Alabama Legislature
Bill Would Create Scholarships for Rural Teachers
MONTGOMERY — Legislation in the Alabama Senate would give scholarships to students seeking to be STEM or special education teachers in Alabama if they agree to teach in rural areas. It was one of several bills related to teachers’ benefits that advanced Wednesday in the State House.
Senate Bill 225 is sponsored by Sen. Larry Stutts, R-Tuscumbia, who said it’s meant to encourage rural students to go to college and then teach in the areas they’re from originally.
“It would be a motivating factor to try and get someone to go to school who might otherwise not from a rural school and those are the same people who are more likely to go back to that same area to teach,” Stutts told Alabama Daily News.
The bill passed with no opposition in the Senate Education Policy Committee on a voice vote.
The bill would allow scholarships for first-year, in-state college students who are planning to become certified science, technology, engineering, math or special education teachers in grades 7 through 12. Recipients would have to pledge to teach in a rural area for at least five years. They’d have to finish their degrees within four years but could receive the scholarships each year.

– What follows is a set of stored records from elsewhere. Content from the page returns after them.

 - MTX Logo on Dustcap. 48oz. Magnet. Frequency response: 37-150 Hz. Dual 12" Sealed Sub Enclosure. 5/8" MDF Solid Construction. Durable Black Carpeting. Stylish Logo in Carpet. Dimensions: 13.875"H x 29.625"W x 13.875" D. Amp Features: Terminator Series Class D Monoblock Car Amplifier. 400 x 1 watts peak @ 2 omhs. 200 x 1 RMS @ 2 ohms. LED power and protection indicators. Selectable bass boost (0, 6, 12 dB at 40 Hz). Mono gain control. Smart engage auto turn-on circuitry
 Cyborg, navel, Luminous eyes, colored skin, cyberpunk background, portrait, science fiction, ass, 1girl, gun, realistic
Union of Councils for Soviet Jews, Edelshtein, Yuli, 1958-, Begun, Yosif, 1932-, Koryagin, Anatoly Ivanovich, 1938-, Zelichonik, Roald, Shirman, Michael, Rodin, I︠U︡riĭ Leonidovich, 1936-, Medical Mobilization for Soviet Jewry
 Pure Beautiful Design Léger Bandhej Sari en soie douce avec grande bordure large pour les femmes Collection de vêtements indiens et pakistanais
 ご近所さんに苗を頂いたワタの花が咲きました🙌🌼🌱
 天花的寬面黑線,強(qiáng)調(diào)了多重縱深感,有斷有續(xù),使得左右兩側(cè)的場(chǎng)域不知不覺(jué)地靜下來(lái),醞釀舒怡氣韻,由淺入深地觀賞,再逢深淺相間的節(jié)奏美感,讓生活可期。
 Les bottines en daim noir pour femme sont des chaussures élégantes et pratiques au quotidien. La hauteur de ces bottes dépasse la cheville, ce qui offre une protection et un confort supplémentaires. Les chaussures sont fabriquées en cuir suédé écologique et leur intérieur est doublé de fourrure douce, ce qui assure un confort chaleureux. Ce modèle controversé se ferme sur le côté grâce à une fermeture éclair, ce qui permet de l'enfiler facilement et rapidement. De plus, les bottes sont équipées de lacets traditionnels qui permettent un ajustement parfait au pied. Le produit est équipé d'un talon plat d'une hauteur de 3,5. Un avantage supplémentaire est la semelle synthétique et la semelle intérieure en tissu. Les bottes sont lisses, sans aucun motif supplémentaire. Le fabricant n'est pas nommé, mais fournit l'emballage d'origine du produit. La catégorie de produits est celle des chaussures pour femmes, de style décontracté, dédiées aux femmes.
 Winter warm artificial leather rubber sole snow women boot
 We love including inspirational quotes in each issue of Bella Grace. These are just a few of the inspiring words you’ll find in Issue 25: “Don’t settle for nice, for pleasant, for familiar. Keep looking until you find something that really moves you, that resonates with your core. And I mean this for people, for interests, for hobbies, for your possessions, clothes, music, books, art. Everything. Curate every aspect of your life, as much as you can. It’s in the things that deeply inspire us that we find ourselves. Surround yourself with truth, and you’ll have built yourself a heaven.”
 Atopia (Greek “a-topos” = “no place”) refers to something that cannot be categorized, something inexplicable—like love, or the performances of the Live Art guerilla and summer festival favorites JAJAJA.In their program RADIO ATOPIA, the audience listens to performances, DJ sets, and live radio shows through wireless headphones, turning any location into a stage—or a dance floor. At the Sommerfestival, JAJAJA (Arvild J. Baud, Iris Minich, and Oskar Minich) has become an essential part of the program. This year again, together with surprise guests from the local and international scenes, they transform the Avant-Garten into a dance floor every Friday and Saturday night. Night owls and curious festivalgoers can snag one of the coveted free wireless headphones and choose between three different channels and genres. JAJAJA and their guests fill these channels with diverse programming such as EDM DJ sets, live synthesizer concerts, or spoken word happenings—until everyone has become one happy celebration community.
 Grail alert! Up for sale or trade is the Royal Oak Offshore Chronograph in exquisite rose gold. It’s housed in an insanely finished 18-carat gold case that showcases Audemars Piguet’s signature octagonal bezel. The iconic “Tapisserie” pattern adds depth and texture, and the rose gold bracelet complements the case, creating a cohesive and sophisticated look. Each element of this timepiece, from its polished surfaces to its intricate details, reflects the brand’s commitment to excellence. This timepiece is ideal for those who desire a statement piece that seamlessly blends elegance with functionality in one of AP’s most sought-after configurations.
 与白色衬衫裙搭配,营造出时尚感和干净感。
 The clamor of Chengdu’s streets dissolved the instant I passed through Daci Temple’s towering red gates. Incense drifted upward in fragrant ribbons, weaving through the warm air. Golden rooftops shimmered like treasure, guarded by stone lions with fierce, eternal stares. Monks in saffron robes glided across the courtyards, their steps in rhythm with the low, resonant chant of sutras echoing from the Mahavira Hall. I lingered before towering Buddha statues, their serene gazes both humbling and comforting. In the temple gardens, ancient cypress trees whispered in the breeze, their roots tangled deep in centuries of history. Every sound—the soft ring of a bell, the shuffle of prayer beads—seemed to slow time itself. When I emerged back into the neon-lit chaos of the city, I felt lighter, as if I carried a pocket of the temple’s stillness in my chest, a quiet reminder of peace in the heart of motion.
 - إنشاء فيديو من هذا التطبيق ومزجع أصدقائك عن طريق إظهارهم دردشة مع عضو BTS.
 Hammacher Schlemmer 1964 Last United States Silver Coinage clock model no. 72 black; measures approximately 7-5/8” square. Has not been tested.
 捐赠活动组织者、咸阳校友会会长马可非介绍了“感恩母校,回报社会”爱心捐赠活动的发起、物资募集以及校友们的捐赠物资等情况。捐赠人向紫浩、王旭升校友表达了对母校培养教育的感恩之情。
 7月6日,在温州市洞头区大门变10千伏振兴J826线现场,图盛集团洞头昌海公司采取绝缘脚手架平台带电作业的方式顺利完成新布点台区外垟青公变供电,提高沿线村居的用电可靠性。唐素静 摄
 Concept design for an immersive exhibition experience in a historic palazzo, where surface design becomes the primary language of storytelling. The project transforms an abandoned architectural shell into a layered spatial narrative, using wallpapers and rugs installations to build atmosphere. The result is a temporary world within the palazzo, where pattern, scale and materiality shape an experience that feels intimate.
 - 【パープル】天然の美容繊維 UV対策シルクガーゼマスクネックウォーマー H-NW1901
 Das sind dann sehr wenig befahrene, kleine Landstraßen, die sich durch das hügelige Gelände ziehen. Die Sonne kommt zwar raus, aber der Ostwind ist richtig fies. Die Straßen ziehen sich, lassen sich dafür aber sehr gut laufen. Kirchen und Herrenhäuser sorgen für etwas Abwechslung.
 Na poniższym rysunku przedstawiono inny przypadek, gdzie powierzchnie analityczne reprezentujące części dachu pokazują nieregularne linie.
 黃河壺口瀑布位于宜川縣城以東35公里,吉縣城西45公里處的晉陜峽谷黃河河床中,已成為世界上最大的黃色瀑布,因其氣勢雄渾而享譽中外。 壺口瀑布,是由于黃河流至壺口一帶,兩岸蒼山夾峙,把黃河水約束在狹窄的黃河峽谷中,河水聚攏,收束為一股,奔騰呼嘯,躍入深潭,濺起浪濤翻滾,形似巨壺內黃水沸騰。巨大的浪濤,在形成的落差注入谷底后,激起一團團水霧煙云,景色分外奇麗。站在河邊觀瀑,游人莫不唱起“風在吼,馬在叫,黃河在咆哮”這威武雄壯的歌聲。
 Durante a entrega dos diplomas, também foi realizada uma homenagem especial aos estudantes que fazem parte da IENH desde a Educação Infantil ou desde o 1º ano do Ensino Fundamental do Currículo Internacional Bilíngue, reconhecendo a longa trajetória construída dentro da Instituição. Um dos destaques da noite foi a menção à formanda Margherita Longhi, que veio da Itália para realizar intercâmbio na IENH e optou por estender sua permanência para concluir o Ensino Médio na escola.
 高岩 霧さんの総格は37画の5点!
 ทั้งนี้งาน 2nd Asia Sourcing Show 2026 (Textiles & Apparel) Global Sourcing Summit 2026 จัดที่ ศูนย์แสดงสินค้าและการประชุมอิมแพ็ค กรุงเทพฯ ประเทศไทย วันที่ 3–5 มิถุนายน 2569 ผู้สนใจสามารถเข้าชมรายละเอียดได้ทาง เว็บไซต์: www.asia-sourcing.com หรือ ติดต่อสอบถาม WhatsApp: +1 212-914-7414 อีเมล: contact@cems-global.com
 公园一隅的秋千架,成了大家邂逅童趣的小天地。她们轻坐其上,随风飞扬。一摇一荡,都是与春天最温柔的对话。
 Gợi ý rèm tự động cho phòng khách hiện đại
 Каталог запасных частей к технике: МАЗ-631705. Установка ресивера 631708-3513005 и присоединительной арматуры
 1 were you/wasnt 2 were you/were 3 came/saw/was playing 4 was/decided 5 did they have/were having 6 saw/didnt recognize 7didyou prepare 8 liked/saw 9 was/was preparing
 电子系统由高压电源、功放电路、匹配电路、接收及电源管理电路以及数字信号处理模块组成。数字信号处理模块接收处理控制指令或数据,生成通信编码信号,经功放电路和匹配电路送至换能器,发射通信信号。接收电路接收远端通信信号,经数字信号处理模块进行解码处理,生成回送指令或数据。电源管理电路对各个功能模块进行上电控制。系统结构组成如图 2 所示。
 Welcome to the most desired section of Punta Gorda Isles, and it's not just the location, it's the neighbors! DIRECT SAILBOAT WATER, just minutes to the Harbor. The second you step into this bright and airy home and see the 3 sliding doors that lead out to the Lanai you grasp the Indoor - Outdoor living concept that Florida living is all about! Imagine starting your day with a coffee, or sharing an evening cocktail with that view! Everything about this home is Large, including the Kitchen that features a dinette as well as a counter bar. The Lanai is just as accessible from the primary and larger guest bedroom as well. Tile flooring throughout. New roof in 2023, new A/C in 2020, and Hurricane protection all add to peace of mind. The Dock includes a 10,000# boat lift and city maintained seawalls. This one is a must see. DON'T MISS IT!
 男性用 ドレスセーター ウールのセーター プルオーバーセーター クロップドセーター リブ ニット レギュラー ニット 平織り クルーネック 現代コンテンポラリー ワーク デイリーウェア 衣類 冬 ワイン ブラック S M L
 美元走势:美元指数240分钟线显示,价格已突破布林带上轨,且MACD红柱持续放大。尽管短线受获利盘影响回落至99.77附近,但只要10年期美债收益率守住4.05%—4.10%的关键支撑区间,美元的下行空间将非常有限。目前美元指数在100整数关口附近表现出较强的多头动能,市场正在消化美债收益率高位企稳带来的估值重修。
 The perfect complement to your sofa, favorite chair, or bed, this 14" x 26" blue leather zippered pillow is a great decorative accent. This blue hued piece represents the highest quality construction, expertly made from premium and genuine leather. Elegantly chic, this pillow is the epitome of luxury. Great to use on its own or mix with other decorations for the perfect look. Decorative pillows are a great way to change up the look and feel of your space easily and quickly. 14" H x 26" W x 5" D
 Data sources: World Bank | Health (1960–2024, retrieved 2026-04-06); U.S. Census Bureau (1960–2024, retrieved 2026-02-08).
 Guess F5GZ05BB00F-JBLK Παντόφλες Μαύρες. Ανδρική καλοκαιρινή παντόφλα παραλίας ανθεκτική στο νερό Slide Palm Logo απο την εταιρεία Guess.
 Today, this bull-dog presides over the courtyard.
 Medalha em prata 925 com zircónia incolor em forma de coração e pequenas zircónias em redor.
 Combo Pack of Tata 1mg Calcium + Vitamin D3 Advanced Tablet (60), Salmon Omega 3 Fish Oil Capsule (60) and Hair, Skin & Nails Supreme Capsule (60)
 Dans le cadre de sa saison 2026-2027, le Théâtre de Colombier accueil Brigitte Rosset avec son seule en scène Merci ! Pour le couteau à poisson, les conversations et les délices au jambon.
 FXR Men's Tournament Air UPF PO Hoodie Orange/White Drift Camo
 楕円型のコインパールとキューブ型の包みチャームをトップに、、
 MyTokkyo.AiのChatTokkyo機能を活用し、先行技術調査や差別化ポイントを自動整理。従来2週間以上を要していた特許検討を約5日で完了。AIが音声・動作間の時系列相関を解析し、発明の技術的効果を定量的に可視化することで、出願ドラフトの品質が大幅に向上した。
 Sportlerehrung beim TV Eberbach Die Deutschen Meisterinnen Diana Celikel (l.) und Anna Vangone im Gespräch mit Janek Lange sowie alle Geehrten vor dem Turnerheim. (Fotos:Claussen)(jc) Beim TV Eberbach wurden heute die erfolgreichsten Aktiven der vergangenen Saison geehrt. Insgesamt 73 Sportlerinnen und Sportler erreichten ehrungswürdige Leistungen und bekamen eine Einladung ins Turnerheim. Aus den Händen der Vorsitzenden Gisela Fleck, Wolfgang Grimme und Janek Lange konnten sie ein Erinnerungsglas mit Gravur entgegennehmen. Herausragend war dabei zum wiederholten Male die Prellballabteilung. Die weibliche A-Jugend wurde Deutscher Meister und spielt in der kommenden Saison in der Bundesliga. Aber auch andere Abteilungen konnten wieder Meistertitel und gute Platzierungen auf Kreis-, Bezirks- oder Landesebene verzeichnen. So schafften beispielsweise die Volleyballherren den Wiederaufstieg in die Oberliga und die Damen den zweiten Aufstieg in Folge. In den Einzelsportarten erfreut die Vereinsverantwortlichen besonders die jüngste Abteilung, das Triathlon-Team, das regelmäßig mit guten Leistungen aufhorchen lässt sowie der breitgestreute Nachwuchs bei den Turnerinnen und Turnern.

The bill would make the Alabama Commission on Higher Education responsible for administering the scholarships and limit the number to 200 scholarships given at any one time.
An accompanying fiscal note says the 2022 fall semester is when the first 50 scholarships could be given, at an estimated cost of $520,000. If all 200 scholarships were given, the estimated cost would be $2.08 million.
Stutts said he primarily worked with Ryan Hollingsworth, executive director of the School Superintendents of Alabama, for more than a year on the bill that’s modeled on similar scholarships given to nursing or medical students.
“The concept here is to lock them in to making a commitment to the state of Alabama that, once they complete their degree, that they will work here in Alabama,” Hollingsworth told ADN.
Stutts said the scholarships would be funded through the comprehensive gambling legislation that passed the Senate Tuesday night. That bill is now on its way to the House.
Stutts did say to committee members on Tuesday that there may be “a lot that has to be worked out on the bill.”
Alabama is facing a teacher shortage crisis, especially with STEM and special education teachers. More than 3,000 sixth through 12th grade math and science teachers in Alabama classrooms are not fully certified, Hollingsworth said.
The Senate has approved Senate Bill 327, which would create a program to offer increased pay to middle and high school math and science teachers who meet certain qualifications. Additional money also would be available to those teachers who work in hard-to-staff schools.
Bill sponsor Sen. Donnie Chesteen, R-Geneva, said his proposed program would mean $15,000 more per year for participating teachers, depending on where they live. The bill would require that participating educators give up the option of tenure that otherwise would be available to them.
The pay increases for math and science teachers would cost an estimated $100 million per year.